Spanish bishops elect conservative leader close to pope

4th March 2008, Comments 0 comments

Spain's Catholic bishops Tuesday elected a conservative cardinal close to Pope Benedict XVI to head the Bishops' Conference, which has criticised Socialist Prime Minister Jose Luis Rodriguez Zapatero's liberal policies ahead of Sunday's elections.

4 March 2008

MADRID - Spain's Catholic bishops Tuesday elected a conservative cardinal close to Pope Benedict XVI to head the Bishops' Conference, which has criticised Socialist Prime Minister Jose Luis Rodriguez Zapatero's liberal policies ahead of Sunday's elections.

Madrid archbishop Antonio Maria Rouco Varela, 71, will replace moderate Bilbao bishop Ricardo Blazquez.

Rouco, who already headed the Spanish Bishops' Conference for two three-year terms from 1999 to 2005, is regarded as the Spanish bishop with the most influence in the Vatican in recent times.

Rouco is close to Pope Benedict XVI, whom he made friends with while both were students in Munich.

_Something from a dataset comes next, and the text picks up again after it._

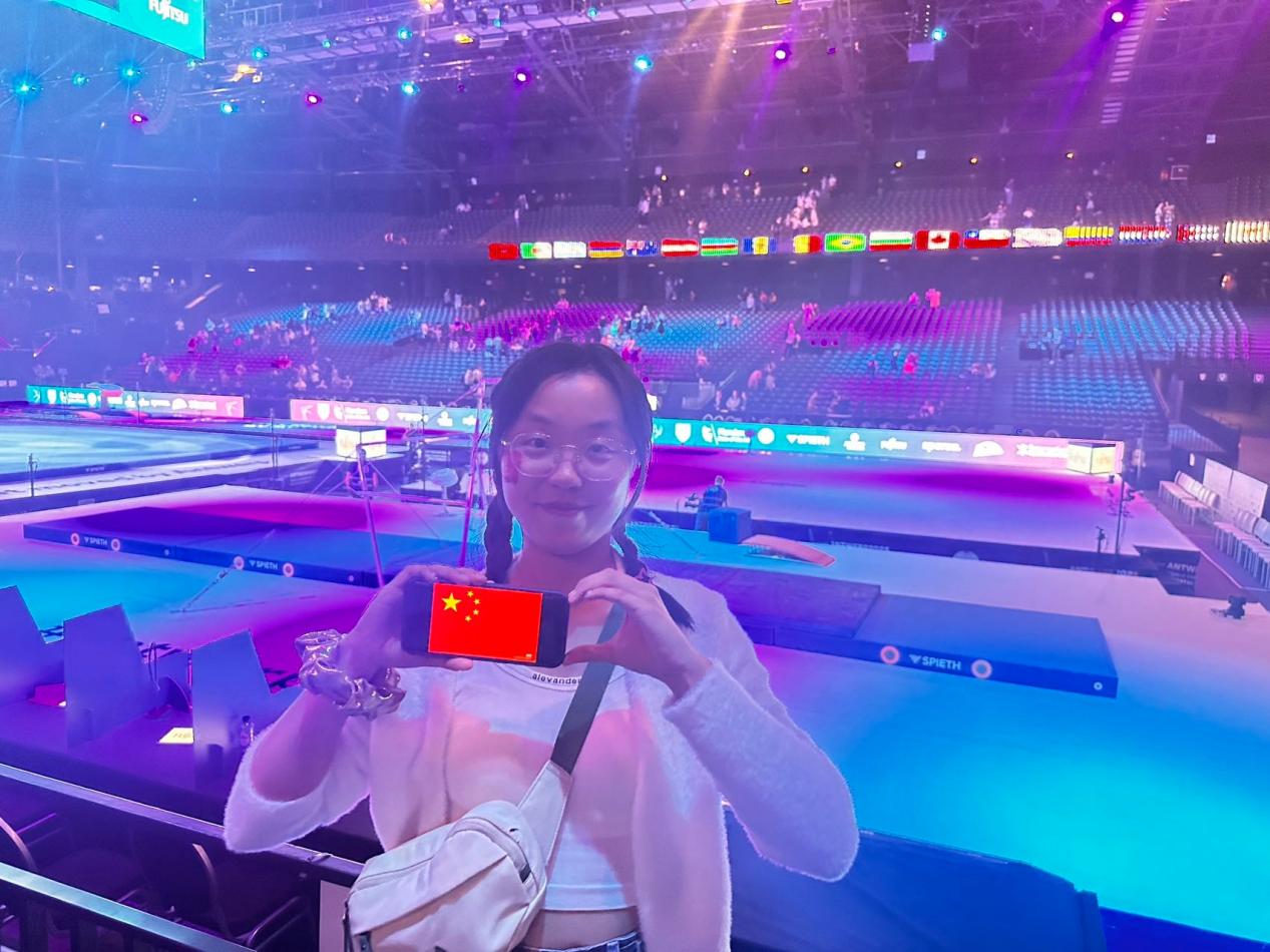 图 8 陈志雯同学在比利时安特卫普体操世锦赛现场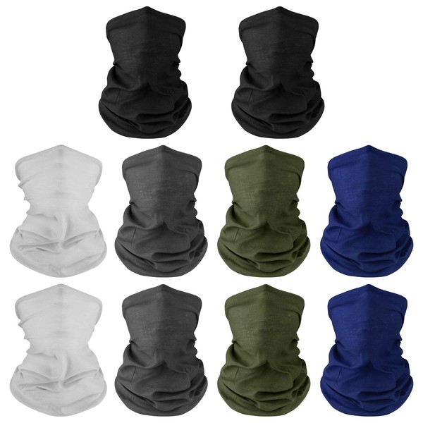 - Package: 5 colors neck gaiter, each color 2pcs total 10pcs, good protection with comfort can prevent the damage of dust, saliva, ultraviolet rays, keeps you cool in the sun and warm in cold weather

Known for his conservative views, Rouco remained influential in Spain during the presidency of Blazquez, who was believed to have lost the election over his low profile and calls for "dialogue" with the government.

Zapatero's reforms such as homosexual marriage, fast-track divorce, stem cell research and moves to reduce the church's influence on education put him on a collision course with Spain's Catholic Church.

Bishops and priests have attended massive rallies against Zapatero's policies, and the Bishops' Conference indirectly encouraged voters to choose the opposition conservative Popular Party (PP).

Church leaders have accused the government of abolishing the family as a basic social unit and even of undermining human rights and democracy.